1. Rewards employees, not shareholders: Thirteen months ago I objected because the now defunct Merrill Lynch paid 76 percent of its revenues to the people who work there (e.g., in 2006 Merrill paid $17 billion in compensation and its revenue totaled $22.4 billion). As I said then, that pay is linked to revenue, not how much money their deals make for customers. This encourages them to close big deals fast rather than paying attention to quality. It still is -- and Goldman is on track to pay record bonuses in 2009.

2. Puts its own interests ahead of its clients': One need look no further than how firms pushed their toxic Auction Rate Securities (ARS) off their books and into the accounts of individual investors. This $330 billion scam has robbed people of their savings and Wall Street still has not resolved this situation after 19 months.

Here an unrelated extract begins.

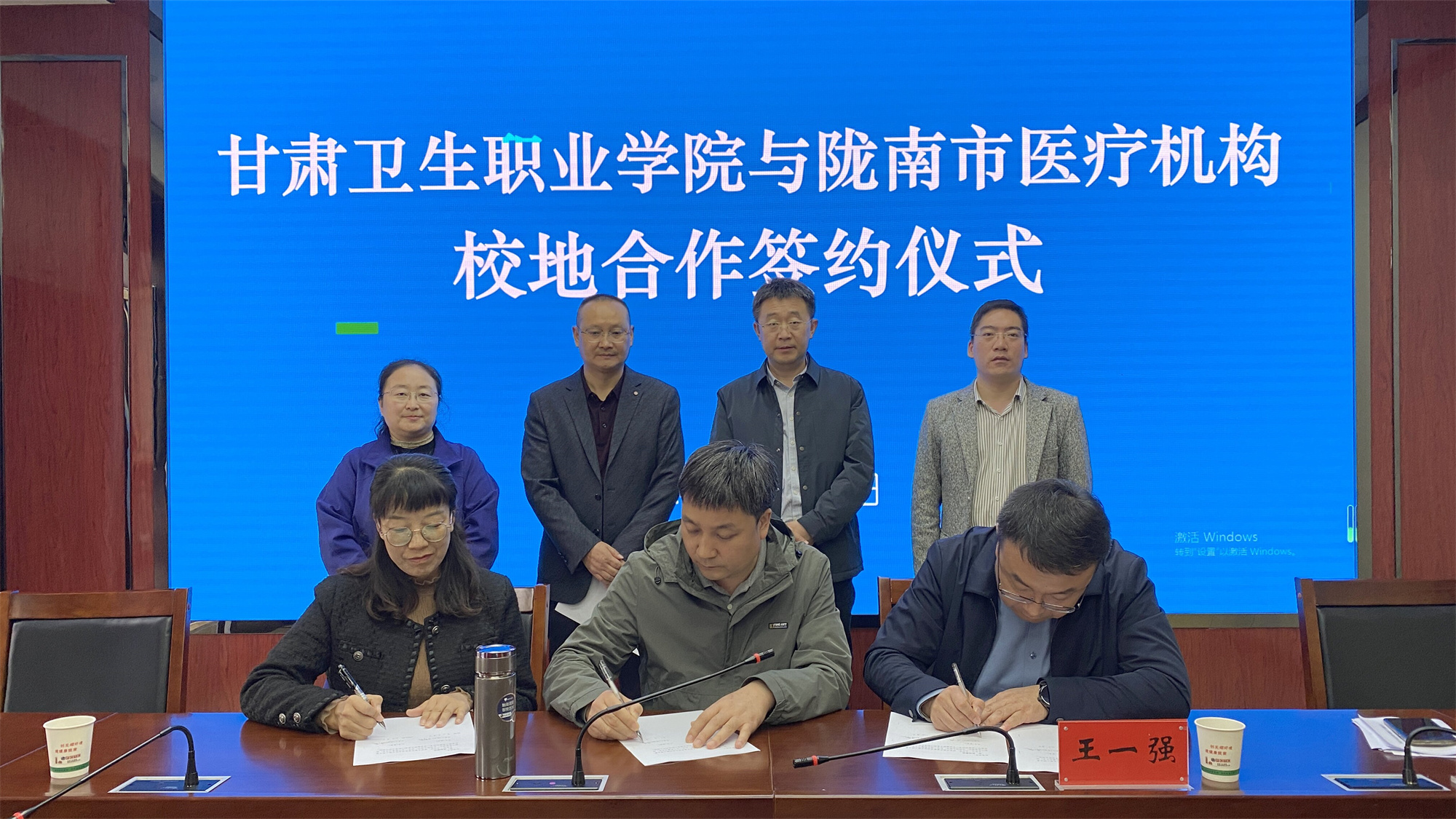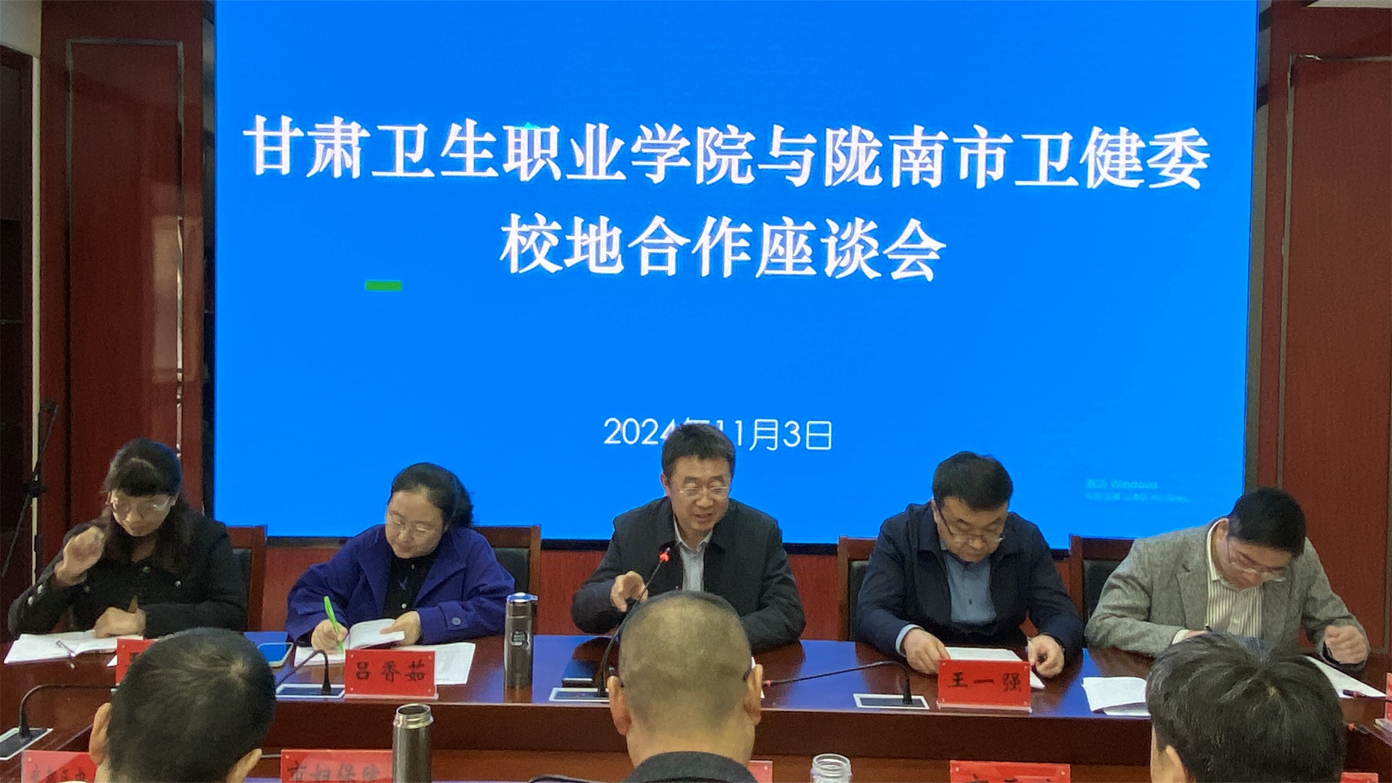 王建成一行在隴南市衛(wèi)健委與武都區(qū)各醫(yī)院及基層醫(yī)療機(jī)構(gòu)舉行座談(隴南市衛(wèi)健委黨組成員、副主任王應(yīng)虎,隴南市第一人民醫(yī)院黨委委員宋凱,隴南市婦幼保健院副院長焦文學(xué)、隴南市衛(wèi)生學(xué)校黨委書記管宏出席座談會),認(rèn)真聽取了各醫(yī)院及基層醫(yī)療機(jī)構(gòu)對于醫(yī)藥衛(wèi)生人才需求、人才培養(yǎng)等方面意見和建議。介紹了近兩年改革發(fā)展情況,在人才培養(yǎng)方面獨(dú)特的優(yōu)勢,從學(xué)生假期見習(xí)、教學(xué)資源共享、村醫(yī)考核培訓(xùn)、護(hù)理員資格考核、實(shí)習(xí)就業(yè)基地共建五個方面表達(dá)了推進(jìn)校地合作、校企合作,實(shí)現(xiàn)優(yōu)勢互補(bǔ),互惠雙贏的良好愿望,經(jīng)友好溝通,雙方?jīng)Q定在現(xiàn)有良好合作基礎(chǔ)上,進(jìn)一步加大合作力度,拓展合作領(lǐng)域,雙方代表簽訂戰(zhàn)略合作框架協(xié)議,標(biāo)志著學(xué)校與校地、校企合作邁入了一個新階段。

3. Absorbs talent that could solve more important problems: As I said back then, Wall Street's money sucks up too many of the world's brightest minds. Those MIT PhDs could have been inventing ways to lessen our dependence on oil and gas instead of Collateralized Debt Obligations (CDOs). And this is still true.

4. Too highly leveraged: Wall Street can't make money without borrowing $31 for every dollar of capital it holds. This is great when bets go the right way but it wipes out capital quickly when they lose. And if you look at how Goldman earned its profits in 2009, it's still borrowing huge amount of money to trade, boosting its value at risk by 20 percent.

5. Gets taxpayers to bailout its mistakes: A year ago I was complaining that the Fed had used $29 billion of taxpayer money to bail out Bear Stearns for its poor management. But that turned out to be the tip of the iceberg -- now up to $23.7 trillion has been put at risk to bail out Wall Street.

I believe that politicians protect Wall Street because it provides so much cash for their reelections -- $5 billion in the last decade alone. But if voters still have any influence in politics, they will recognize that the societal costs of Wall Street exceed its benefits. Only then will change become possible.